Computer software desktop environment

IRIX Interactive Desktop (formerly called Indigo Magic Desktop) is a discontinued desktop environment normally used as the default desktop on Silicon Graphics workstations running IRIX. The IRIX Interactive Desktop uses the Motif widget toolkit on top of the X Window System found on most Unix systems. The default window manager on the IRIX Interactive Desktop is 4Dwm.

== History ==
IRIS Workspace is SGI's first desktop environment in IRIX versions 3.0 through 5.0. This was succeeded by Indigo Magic Desktop, introduced in 1993 with IRIX 5.1 on the Indy multimedia workstation. Along with Sun Microsystem's former OpenWindows environment and the Common Desktop Environment from COSE released the same year, these were some of the first desktop environments to be provided by default on a Unix computer system.
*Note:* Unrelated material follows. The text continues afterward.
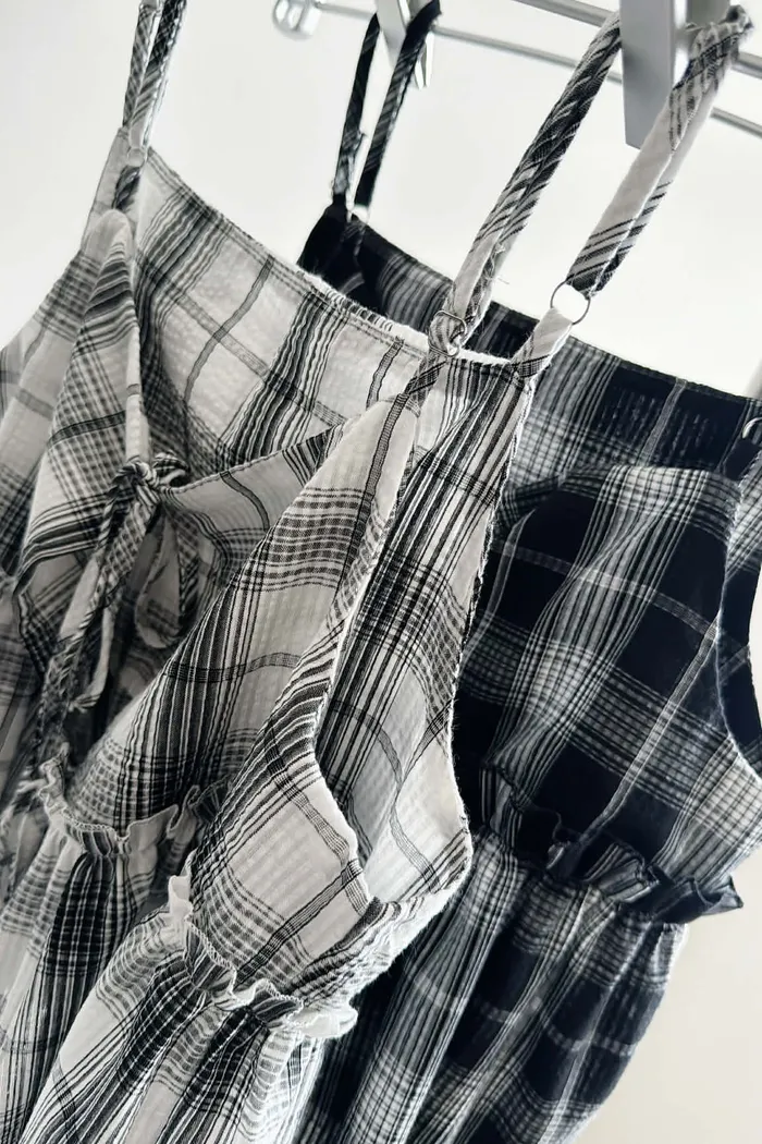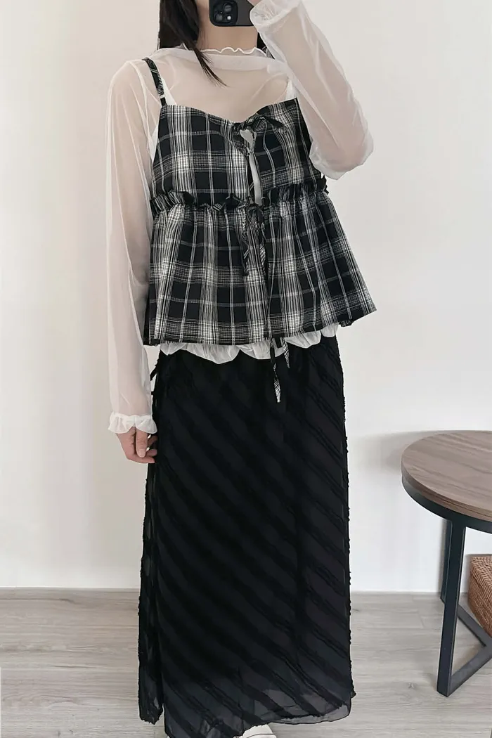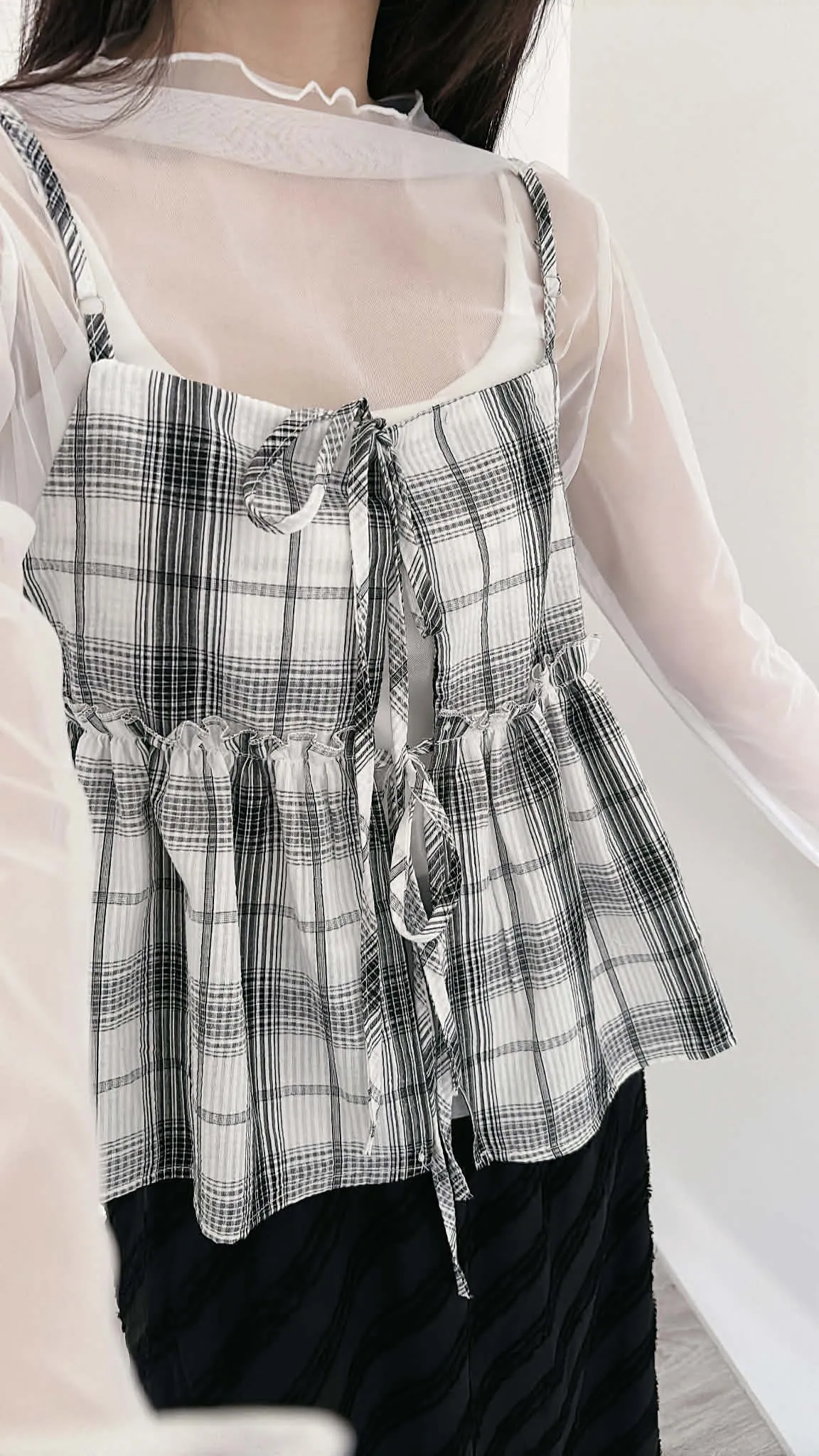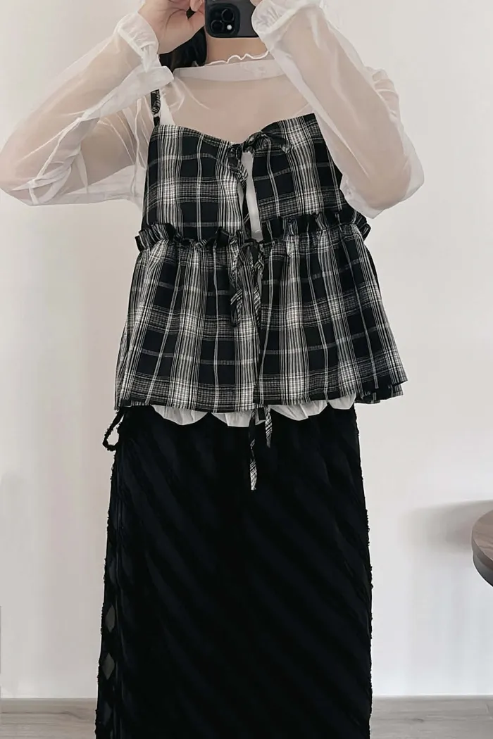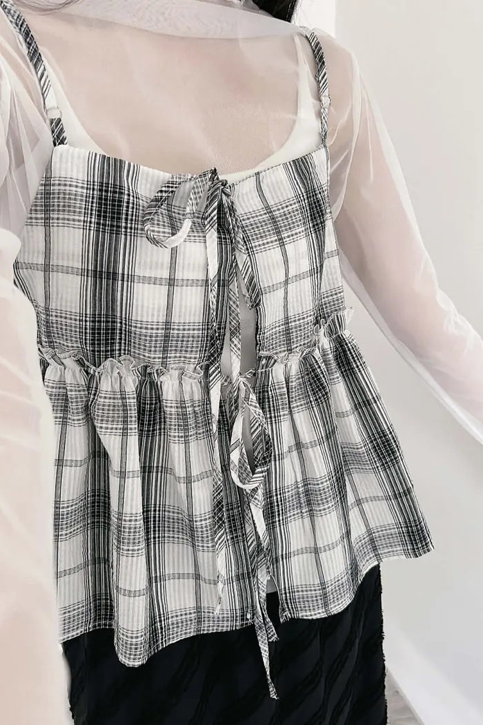 綁帶雙面穿格紋背心/可調式肩帶

The Indigo Magic Desktop was renamed to IRIX Interactive Desktop with the release of IRIX 6.5 in 1998.

== Features ==
Indigo Magic Desktop is intended to promote easy access to multimedia functionality, and provide user-customizable environments. The environment is based on audio cues for the start and finish of an operation, intelligent windows to track recently visited directories, and multiple virtual desktops grouped by function.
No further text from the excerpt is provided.